- Date: February 3–9, 2025
- Edition: 4th
- Category: ATP Tour 500
- Draw: 28S / 16D
- Surface: Hard (indoor)
- Location: Frisco, United States (billed as Dallas)
- Venue: Ford Center at The Star

Champions

Singles
- Denis Shapovalov

Doubles
- Christian Harrison / Evan King
- ← 2024 · Dallas Open · 2026 →

= 2025 Dallas Open =

The 2025 Dallas Open was a men's tennis tournament to be played on indoor hardcourts. It was the 4th edition of the Dallas Open, and part of the ATP Tour 500 series (upgraded from ATP Tour 250 status in previous years) on the 2025 ATP Tour, held February 3–9, 2025. It was held at the Ford Center at The Star in Frisco, Texas, a change from previous years due to additional seating required following the upgrade.

==Finals==

===Singles===

- CAN Denis Shapovalov def.
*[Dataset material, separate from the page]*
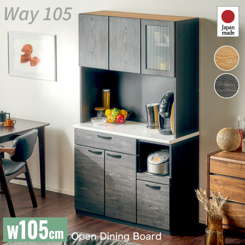 36%off 4日20時から■食器棚 キッチンボード 幅105 オープンボード 日本製 国産 レンジボード おしゃれ シンプル ナチュラル 木目調 スライド収納 可動棚 引出し コンセント付き モイス付き 大容量 食器 収納 棚 レンジ 炊飯器 大型レンジ対応 テトラ
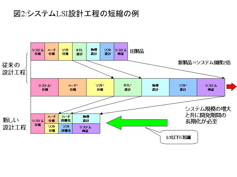 は、システムLSIの設計期間短縮における大きなブレークスルーになると考えております。 本設計手法では、オブジェクト指向(*5)の開発プロセスを取り入れて、仕様設計からRTL設計にいたる上流工程開発プロセスを一貫して定義し体系付けることにより、従来、試行錯誤で行っていた作業工程や手順の明確化を可能にしました。さらに、システム構造や性能を解析できるため、仕様設計の段階で、最適なアーキテクチャ(バス構成やハードウェア、ソフトウェアの配分等)が得られ、後戻りのない設計工程が確立いたします。

NOR Casper Ruud, 7–6^{(7–5)}, 6–3

===Doubles===

- USA Christian Harrison / USA Evan King def. URU Ariel Behar / USA Robert Galloway, 7–6^{(7–4)}, 7–6^{(7–4)}

==Singles main draw entrants==
=== Seeds ===

| Country | Player | Ranking^{1} | Seed |
|---|---|---|---|
| USA | Taylor Fritz | 4 | 1 |
| NOR | Casper Ruud | 5 | 2 |
| USA | Tommy Paul | 9 | 3 |
| USA | Ben Shelton | 14 | 4 |
| USA | Frances Tiafoe | 18 | 5 |
| CZE | Tomáš Macháč | 25 | 6 |
| USA | Alex Michelsen | 36 | 7 |
| ITA | Matteo Arnaldi | 40 | 8 |

- ^{1} Rankings are as of January 27, 2025.

=== Other entrants ===
The following players received wildcards into the main draw:
- USA Jenson Brooksby
- USA Reilly Opelka
- USA Trevor Svajda

The following players received entry from the qualifying draw:
- USA Christopher Eubanks
- USA Brandon Holt
- USA Michael Mmoh
- USA Ethan Quinn

The following player received entry as a lucky loser:
- AUS James Duckworth

=== Withdrawals ===
- From main draw
- USA Marcos Giron → replaced by AUS James Duckworth

- From entry list using protected ranking and received wildcard
- USA Jenson Brooksby → replaced by JPN Kei Nishikori
- USA Reilly Opelka → replaced by AUS Rinky Hijikata

== Doubles main draw entrants ==

=== Seeds ===

| Country | Player | Country | Player | Rank^{1} | Seed |
|---|---|---|---|---|---|
| USA | Nathaniel Lammons | USA | Jackson Withrow | 34 | 1 |
| GBR | Joe Salisbury | GBR | Neal Skupski | 59 | 2 |
| GBR | Jamie Murray | AUS | John Peers | 61 | 3 |
| USA | Austin Krajicek | USA | Rajeev Ram | 72 | 4 |

- ^{1} Rankings as of January 27, 2025.
=== Other entrants ===
The following pairs received wildcards into the doubles main draw:
- USA Robert Cash / USA JJ Tracy
- USA Mitchell Krueger / USA Ethan Quinn

The following pair received entry from the qualifying draw:
- USA Christian Harrison / USA Evan King

=== Withdrawals ===
- COL Nicolás Barrientos / KAZ Aleksandr Nedovyesov → replaced by COL Nicolás Barrientos / IND Rithvik Choudary Bollipalli
- FIN Harri Heliövaara / GBR Henry Patten → replaced by AUS Rinky Hijikata / USA Alex Michelsen

== Sponsorship ==
Partners of the 2025 event included Dallas Cowboys, Choctaw Casinos & Resorts, Emirates, Polestar, and Hugo Boss as official apparel partner.